**The data**
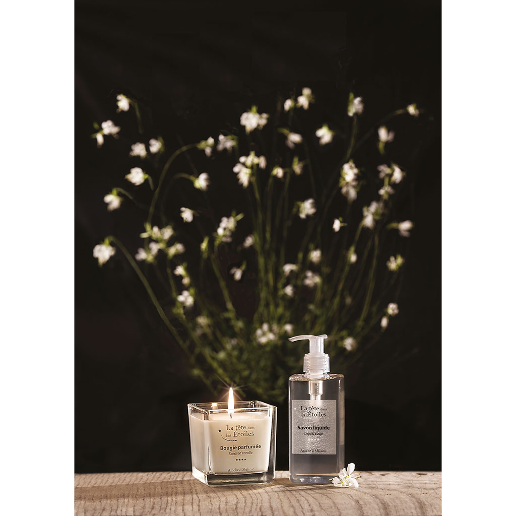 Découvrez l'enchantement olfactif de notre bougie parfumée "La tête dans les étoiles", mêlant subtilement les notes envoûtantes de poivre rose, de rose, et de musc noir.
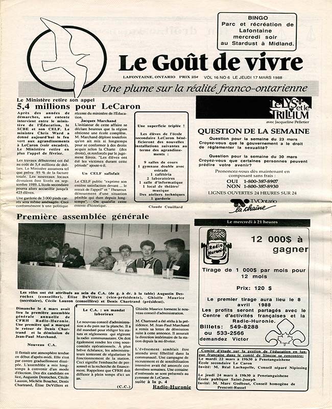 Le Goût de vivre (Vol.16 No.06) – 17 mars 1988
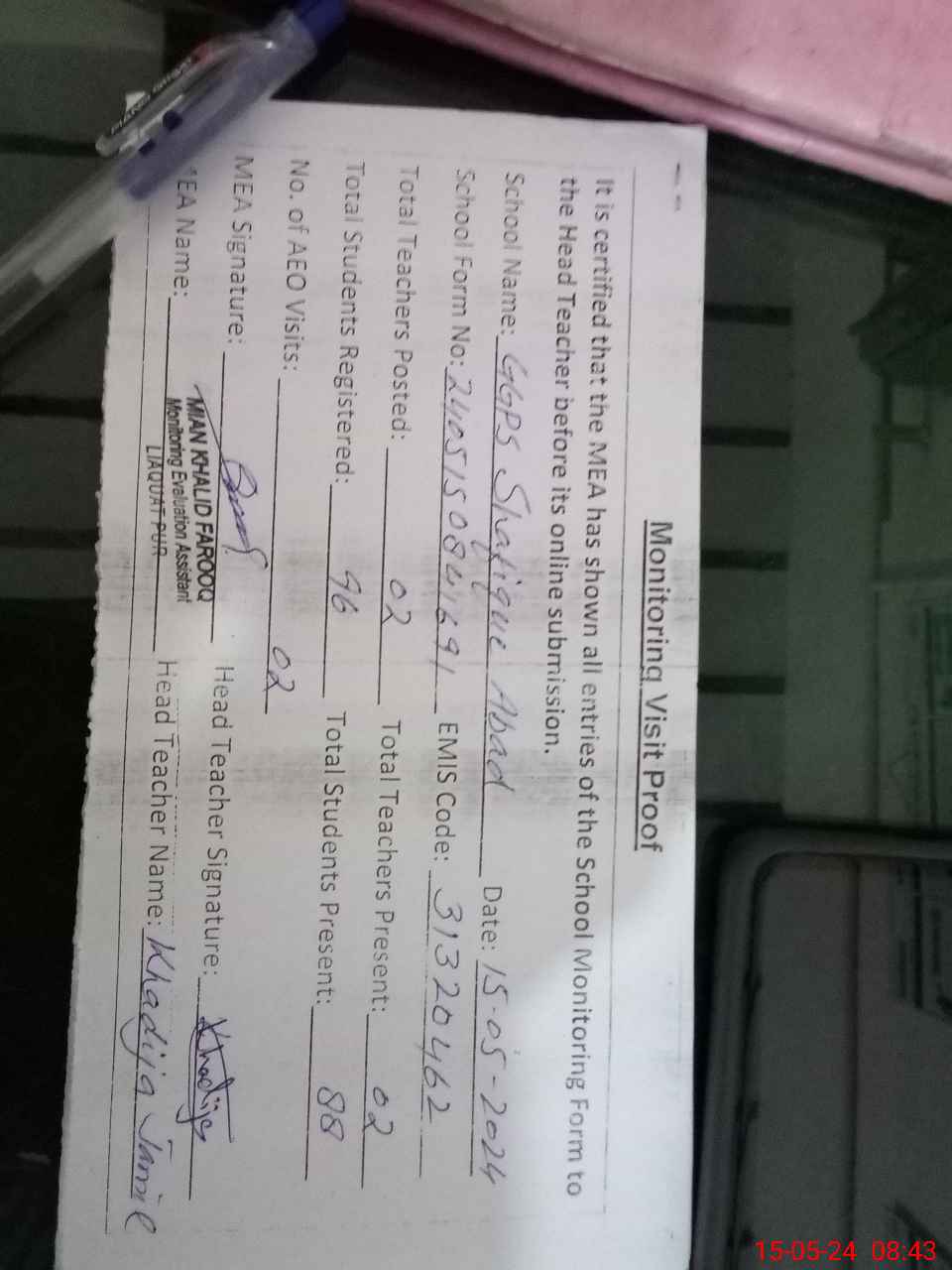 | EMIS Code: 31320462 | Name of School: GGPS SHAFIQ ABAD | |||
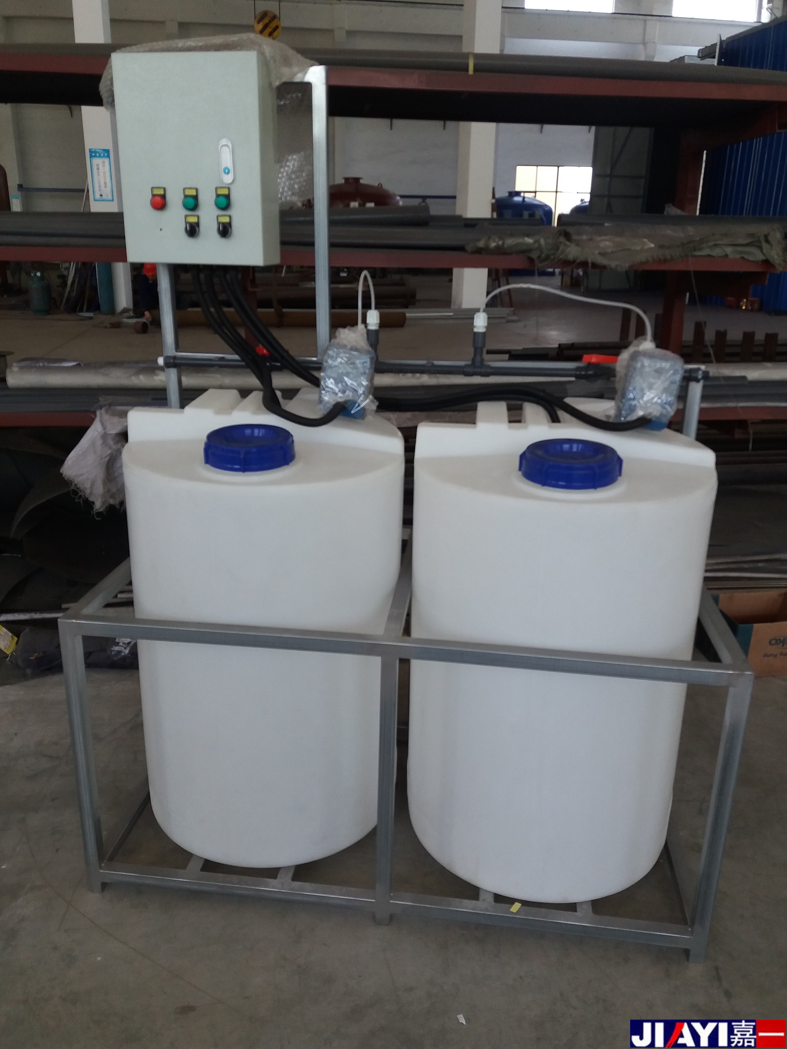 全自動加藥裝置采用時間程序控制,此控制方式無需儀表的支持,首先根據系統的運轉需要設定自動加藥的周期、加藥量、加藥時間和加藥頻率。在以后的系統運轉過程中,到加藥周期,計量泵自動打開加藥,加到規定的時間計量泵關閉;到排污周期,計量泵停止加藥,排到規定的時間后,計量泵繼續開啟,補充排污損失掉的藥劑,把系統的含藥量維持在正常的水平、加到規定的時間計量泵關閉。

**What this task involves**
Would you please copy the material exactly, leaving all the pictures out?

**Output of the exercise**
 Découvrez l'enchantement olfactif de notre bougie parfumée "La tête dans les étoiles", mêlant subtilement les notes envoûtantes de poivre rose, de rose, et de musc noir.
 Le Goût de vivre (Vol.16 No.06) – 17 mars 1988
 | EMIS Code: 31320462 | Name of School: GGPS SHAFIQ ABAD | |||
 全自動加藥裝置采用時間程序控制,此控制方式無需儀表的支持,首先根據系統的運轉需要設定自動加藥的周期、加藥量、加藥時間和加藥頻率。在以后的系統運轉過程中,到加藥周期,計量泵自動打開加藥,加到規定的時間計量泵關閉;到排污周期,計量泵停止加藥,排到規定的時間后,計量泵繼續開啟,補充排污損失掉的藥劑,把系統的含藥量維持在正常的水平、加到規定的時間計量泵關閉。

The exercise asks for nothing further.